Loss function (Loss Function) : It is defined on a single sample , refers to the error of a sample, and measures the quality of a prediction of the model .
Cost Function (Cost Function) = Cost Function = Experience Risk : It is defined on the entire training set, and is the average of all sample errors , that is, the average of all loss function values , and measures the quality of the model prediction in the average sense.
Objective function (Object Function) = structural risk = empirical risk + regularization term = cost function + regularization term : refers to the function that needs to be optimized in the end, and generally refers to structural risk. Regularizer = penalty term.

2. Loss function

1. Regression loss function

1.1 quadratic loss function

It is the single sample loss of MSE, also known as squared loss (squared loss), which refers to the square of the difference between the predicted value and the actual value. Sometimes for the convenience of derivation, a 1/2 is multiplied in front.

1.2 Absolute (value) loss function (absolute loss function)

It is MAE single sample loss, also known as absolute deviation (absolute Loss). The meaning of this loss function is similar to the above, except that the absolute value is taken instead of the sum of squares, and the gap will not be magnified by the square.

1.3 Logarithmic loss function (logarithmic loss function)

Also known as the log likelihood loss function (loglikelihood loss function), this loss function is more difficult to understand. In fact, the loss function uses the idea of maximum likelihood estimation.
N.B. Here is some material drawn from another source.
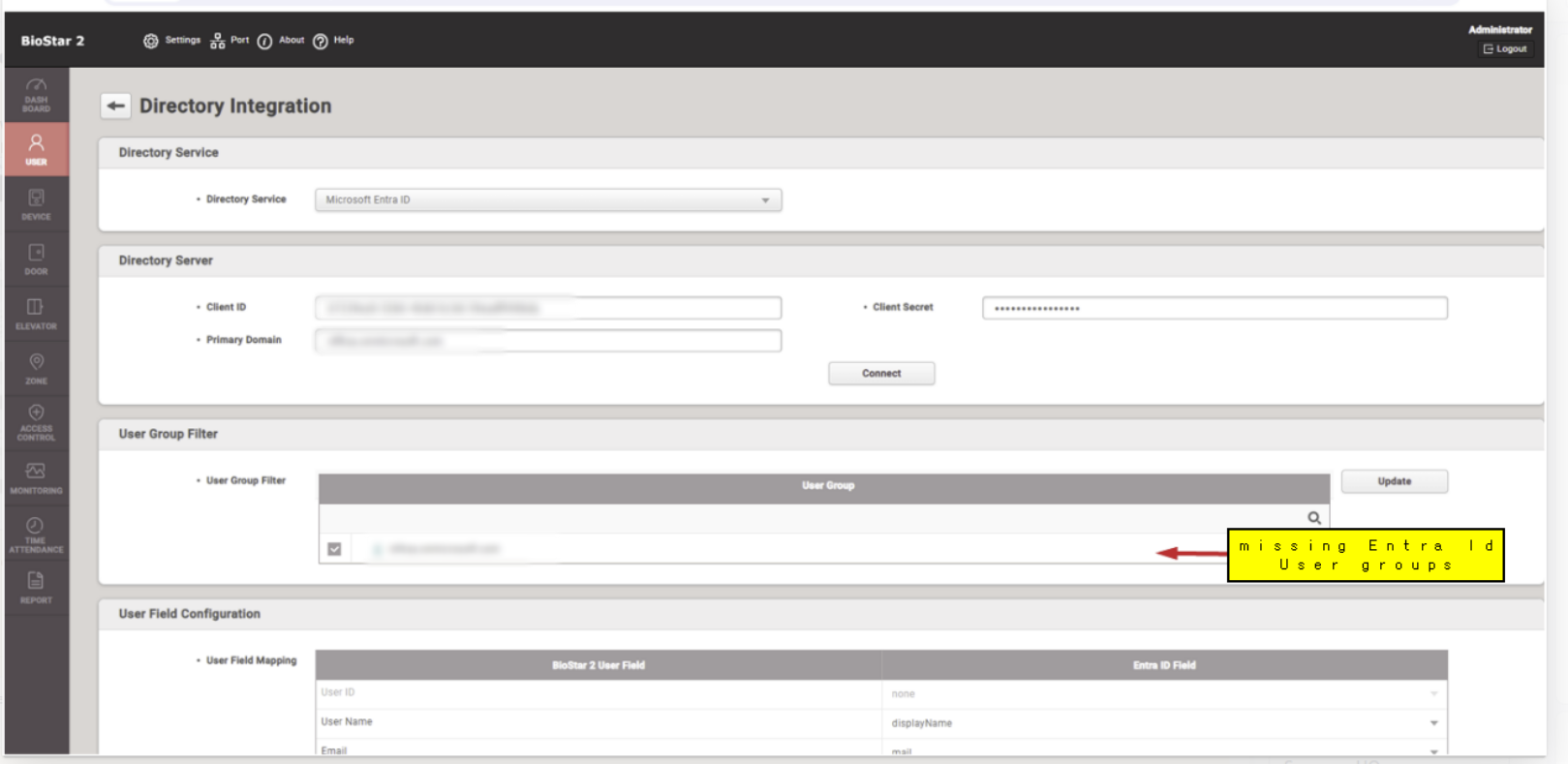 When BioStar is connected to Entra ID, the system will fail to display User Groups inside the BioStar Directory Integration Settings page.

The popular explanation of P(Y|X) is: based on the current model, for sample X, its predicted value is Y, which is the probability of correct prediction. It can be obtained from the probability multiplication formula that the probabilities can be multiplied. In order to convert it into an addition, we take the logarithm. Finally, because it is a loss function, the higher the probability of correct prediction, the smaller the loss value should be, so add a negative sign to get an inversion.

Here are two points:

The first point is that the logarithmic loss function is very often used. Logistic regression, softmax regression, etc. all use this loss.

The second point is the understanding of this formula. This formula means that when the sample x is classified as y, we need to maximize the probability p(y|x). It is to use the currently known sample distribution to find the parameter value that is most likely to cause this distribution.

1.4 Huber loss (huber loss)

Where y is the real value, f(x) is the predicted value, and δ is the parameter of Huber Loss. When the predicted deviation is less than δ, it uses the square error, and when the predicted deviation is greater than δ, it uses the linear error. Compared with the linear regression of least squares, Huber Loss reduces the degree of punishment for outliers and is a commonly used robust regression loss function.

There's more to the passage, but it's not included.